Chronic pain is pain (an unpleasant sense of discomfort) that persists or progresses over a long period of time. In contrast to acute pain that arises suddenly in response to a specific injury and is usually treatable, chronic pain persists over time and is often resistant to medical treatments.
Pseudogout, a form of arthritis, results when deposits of crystals collect in and around the joints. Symptoms of pseudogout include pain, stiffness, warmth, and joint swelling of the knees, ankles, hips, shoulders, and/or wrists. Treatment for pseudogout aims to decrease inflammation through the use of nonsteroidal antiinflammatory drugs, ice, and rest.
Reactive arthritis is a chronic, systemic rheumatic disease characterized by three conditions, including conjunctivitis, joint inflammation, and genital, urinary or gastrointestinal system inflammation. Inflammation leads to pain, swelling, warmth, redness, and stiffness of the affected joints. Non-joint areas may experience irritation and pain. Treatment for reactive arthritis depends on which area of the body is affected. Joint inflammation is treated with antiinflammatory medications.

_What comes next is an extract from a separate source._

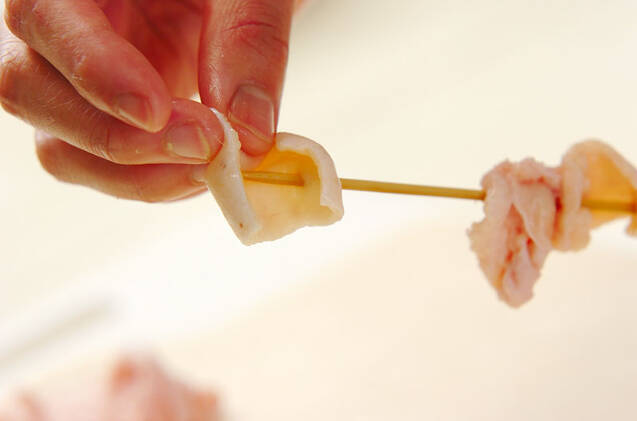 竹串に鶏もも肉、白ネギを交互に刺す。鶏皮は半分に折り、竹串で刺す。竹串の手で持つ部分には、焦げないようにアルミホイルを巻く。

Nonsteroidal antiinflammatory drugs (NSAIDs) are prescribed medications for the treatment of inflammatory conditions. Examples of NSAIDs include aspirin, ibuprofen, naproxen, and more. One common side effect of NSAIDs is peptic ulcer (ulcers of the esophagus, stomach, or duodenum). Side effects, drug interactions, warnings and precautions, and patient safety information should be reviewed prior to taking NSAIDs.
Iliotibial band syndrome is an overuse injury of the thigh and knee. Symptoms include knee pain and possible swelling. Treatment may involve anti-inflammatory medications, physical therapy, ultrasound, and the use of orthotics.
Osgood-Schlatter disease, a painful inflammation just below the knee but above the shin, typically affects adolescent boys. Symptoms include localized pain, inflammation, swelling, and calcification. Osgood-Schlatter disease typically goes away over time, however, symptoms can be helped with antiinflammatory and pain-relieving medications, ice, and rest.
Knee injuries, especially meniscus tears, are common in contact sports. Symptoms and signs of a torn meniscus include knee pain, swelling, a popping sound, and difficulty bending the leg. Treatment may involve resting, icing, compressing, and elevating the knee, in addition to wearing a knee brace, taking anti-inflammatory medications, and stretching the knee.